The NHANES quality control and quality assurance protocols met the 1988 Clinical Laboratory Improvement Act requirements. Detailed quality control and quality assurance instructions are discussed in the NHANES LPM.
As part of the overall quality assurance process for the survey, all collection materials, vacutainer tubes, and storage containers used for trace elements assays were initially pre-screened by the CDC/NCEH, Environmental Health Laboratory Sciences Laboratory for background contamination levels of lead, cadmium, total and speciated mercury. Lead, cadmium, and total and speciated mercury are fairly ubiquitous contaminants. Blood was collected in red-top tubes after the acceptability of the test tubes had been confirmed. Special lead-free tubes were not required. Ordinary EDTA tubes were similarly used, after prescreening confirmed that they had no contamination.
NCHS used several methods to monitor the quality of the analyses performed by the NHANES contract laboratories. In the MEC, these methods included analyzing "blind" split samples collected during practice ("dry run") sessions. In addition, contract laboratories randomly performed repeat testing on two percent of all specimens.
NCHS developed and distributed a quality control (QC) protocol to each NHANES contract laboratory. The Westgard rules, to be used when running NHANES specimens, were included in the protocols. Progress reports, prepared by the contract laboratories, documented problems encountered during shipping or receipt of specimens. Summary statistics for each control pool, QC graphs, instrument calibration, reagents, and any special considerations were submitted to NCHS and Westat quarterly. The reports were reviewed for trends or shifts in the data. The laboratories were required to explain any identified areas of concern. NCHS and Westat reviewed the progress reports.

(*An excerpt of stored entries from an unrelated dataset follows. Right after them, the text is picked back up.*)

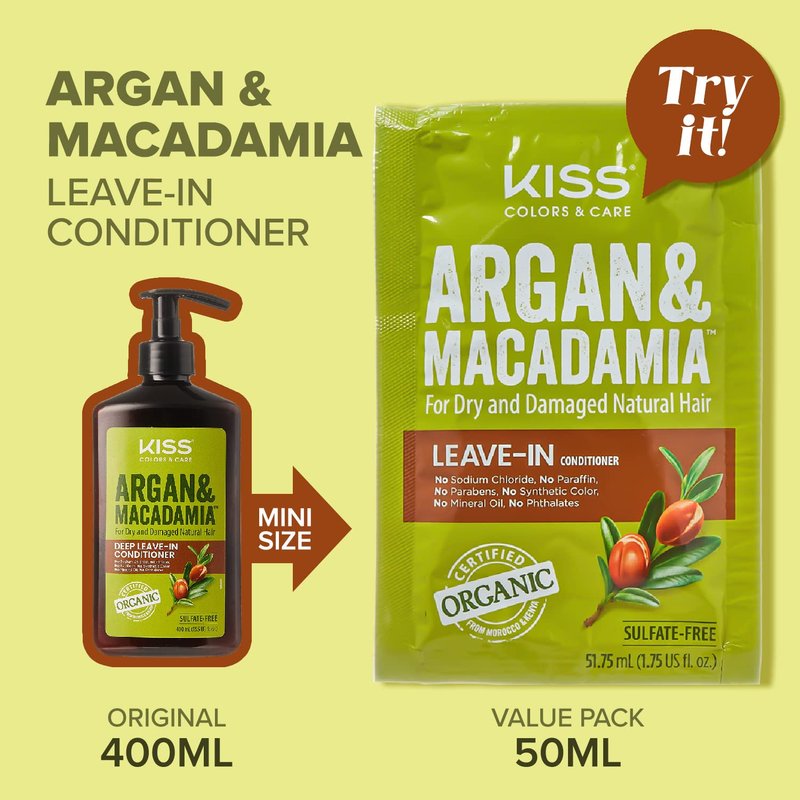 KISS Color & Care Argan & Macadamia For Dry and Damaged Natural Hair 3 Pack Leave-In Conditioner Bundle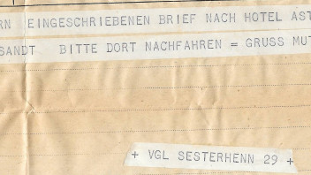 Ich persönlich tippe mal auf folgenden Vorgang: Mama Sesterhenn schickt eine Einschreiben an Sohn Sesterhenn in Lemberg - leider an das falsche Hotel Astoria.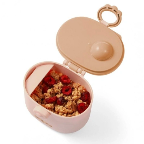 Компактна, практична и винаги под ръка – тази кутия за сухо мляко улеснява храненето на бебето навсякъде и по всяко време. С херметично затваряне за запазване на свежестта, отделение за лъжичката и удобна силиконова дръжка за носене. Идеална за пътуване, разходка или употреба у дома.
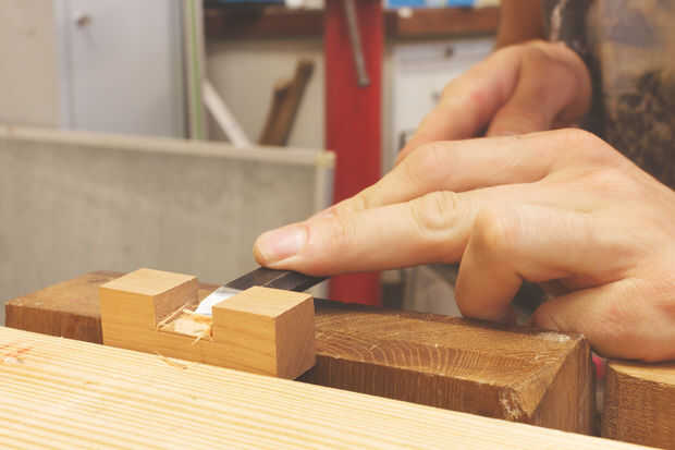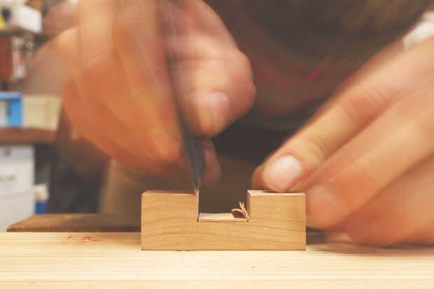 Retirar el exceso poniendo el cincel en la línea de marca y grabar abajo ligeramente con un martillo.

Data Processing and Preparation
The NHANES data processing guidelines provided NCHS and contractor staff with standards for naming variables, filling missing values, and handling missing records. NCHS staff, assisted by contract staff, developed data editing specifications that checked data sets for valid codes, ranges, and skip pattern consistencies and examined the consistency of values between interrelated variables. Comments were reviewed and recoded. NCHS staff verified extremely high and low values. Numerous consistency checks were performed during data preparation. Nevertheless, data users should examine variable ranges, frequencies and other descriptive statistics before analyzing the data.
Low Detection Limits
For laboratory tests with a lower detection limit, results below the lower detection limit were replaced with a value equal to the detection limit, divided by the square root of two. This value was created to help users distinguish a nondetectable laboratory test result from a measured laboratory test result.
Special Notes for the Laboratory Data
The analysis of NHANES 2005-2006 phlebotomy data must be conducted using the appropriate survey design and demographic variables. The NHANES 2005-2006 Household Questionnaire Data Files contain demographic data, health indicators, and other related information collected during household interviews. The questionnaire files also contain the survey design variables and sample weight variables. The Phlebotomy File includes auxiliary information such as fasting status, the time of venipuncture, and the conditions precluding venipuncture. The household questionnaire and phlebotomy files may be linked to the laboratory data file using the unique survey participant identifier SEQN.